***** RECORDS TO USE
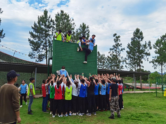 拓展的最后环节,5支队伍重新集结,融合为大团队,挑战45分钟全员穿越4.2米高墙。八名同伴,甘做基石,用他们的付出,托起整个团队翻越的希望。
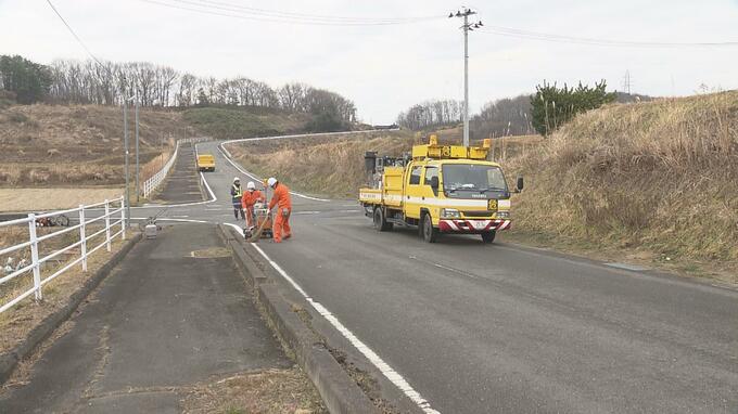 一方、郡山市は14日、交差点の四方、およそ100メートルの範囲で外側線や中央線の白線を引き直しています。
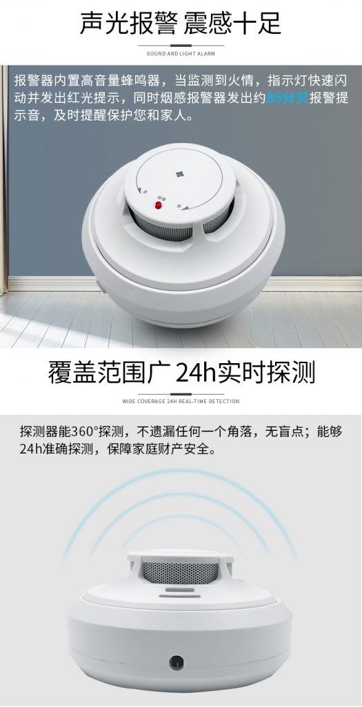 報警器內置高音量蜂鳴器,當監測到火情,指示燈快速閃動并發出紅光提示,同時煙感報警器發出約85分貝報警提示音,及時提醒保護您和家人。
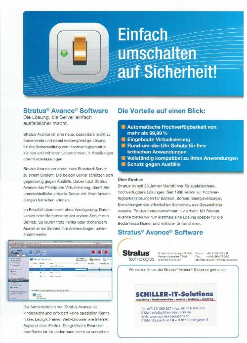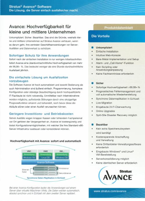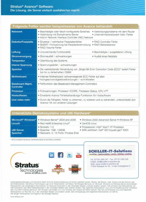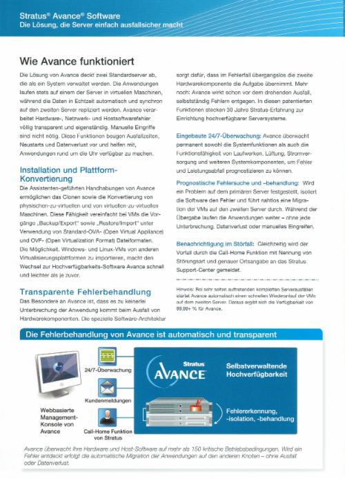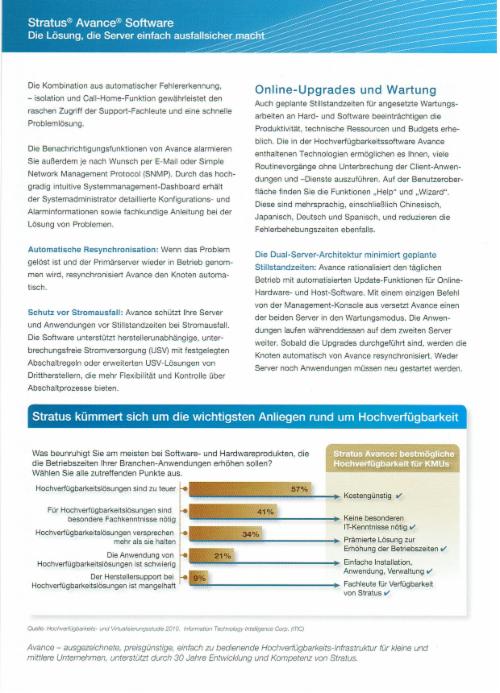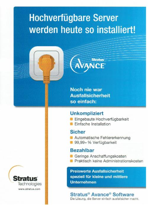 Wir können Ihnen Hochverfügbarkeitssysteme mit einer Ausfallsicherheit von 99,99% bieten. Die Komplettlösungen bestehen aus skalierbarer, qualitativ hochwerti-ger Hardware in Verbindung mit Hochverfügbarkeitssoftware von Stratus, die zunächst für die hochsensiblen Bereiche Banken, Börsen und Energieversorung entwickelt wurde.
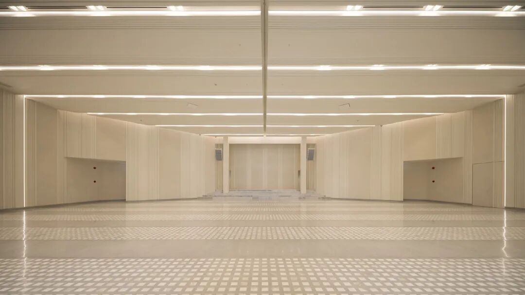 立柱又一次成排地出现,构成了质感细腻的大厅内墙。
**********
▶ _TASK_: Only the words belong in your copy: restate the data above exactly and leave the images out.

▶ _SOLUTION FOR THIS PROBLEM_:
 拓展的最后环节,5支队伍重新集结,融合为大团队,挑战45分钟全员穿越4.2米高墙。八名同伴,甘做基石,用他们的付出,托起整个团队翻越的希望。
 一方、郡山市は14日、交差点の四方、およそ100メートルの範囲で外側線や中央線の白線を引き直しています。
 報警器內置高音量蜂鳴器,當監測到火情,指示燈快速閃動并發出紅光提示,同時煙感報警器發出約85分貝報警提示音,及時提醒保護您和家人。
 Wir können Ihnen Hochverfügbarkeitssysteme mit einer Ausfallsicherheit von 99,99% bieten. Die Komplettlösungen bestehen aus skalierbarer, qualitativ hochwerti-ger Hardware in Verbindung mit Hochverfügbarkeitssoftware von Stratus, die zunächst für die hochsensiblen Bereiche Banken, Börsen und Energieversorung entwickelt wurde.
 立柱又一次成排地出现,构成了质感细腻的大厅内墙。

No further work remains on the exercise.